"Any sentry would be justified in shooting any man he saw in a coat like that," said another.

"All right, my boys! We'll keep our coats and take our chances. What's that?" And they all pricked up their ears to listen.

An order in French came to them from the opposite side of the gully.

"Their sentries and pickets are just over there. This is Tommy Tiddler's Ground, between England, France, and----"

A hoarse shout outside, and shots and yells, and they were all out in a moment and found the gully packed with Russians, and their own men, taken by surprise, falling back in some confusion.

"Brace up there, men!" shouted the officer in charge. "They're only a handful and only Russians."

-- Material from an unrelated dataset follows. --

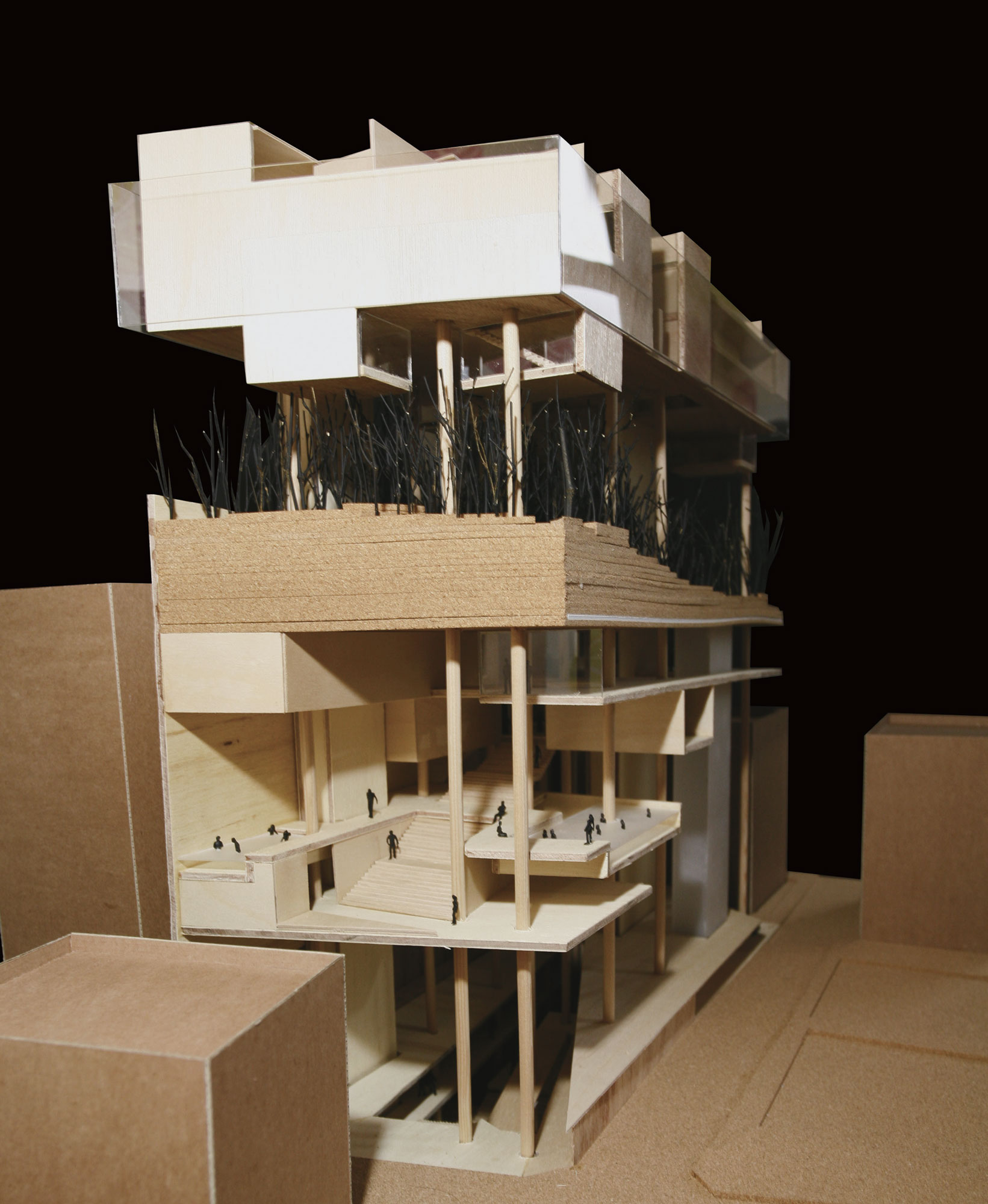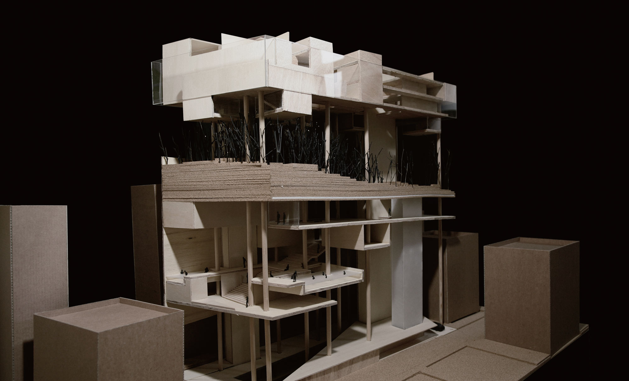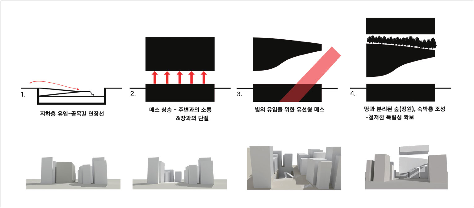 대지를 비워내고 경사로를 활용해 골목길의 연장선을 만들어 지하는 골목길 위에 있는 홍대 문화 공간이 된다. 매스를 띄워 지상층은 주변과 소통되게 하고 띄워진 매스는 땅과 단절시켜 사용자들의 독립적인 공간을 만들어준다. 그 위에 숲을 만들어 호텔 투숙객들만을 위한 공간을 제공한다.

It was very dark, except where the fires inside the caves sent out a dull glow here and there on the bare space between the combatants. Then the whole place blazed with a Russian volley, and again with the reply to it.

"Bayonets, men! And down with them!" And with a yell the Englishmen plunged down past the dull-glowing Ovens, and Jack and Jim raced with them, revolver in hand, blazing away into the darkness in front as they ran.

But the Russian plans for that night had been well laid. It was a miniature Balaclava charge over again.

A ripping volley met them, not from the front, but from both sides, and then masses of men closed in behind them and swallowed them up, and every man was fighting for his life against unnumbered odds.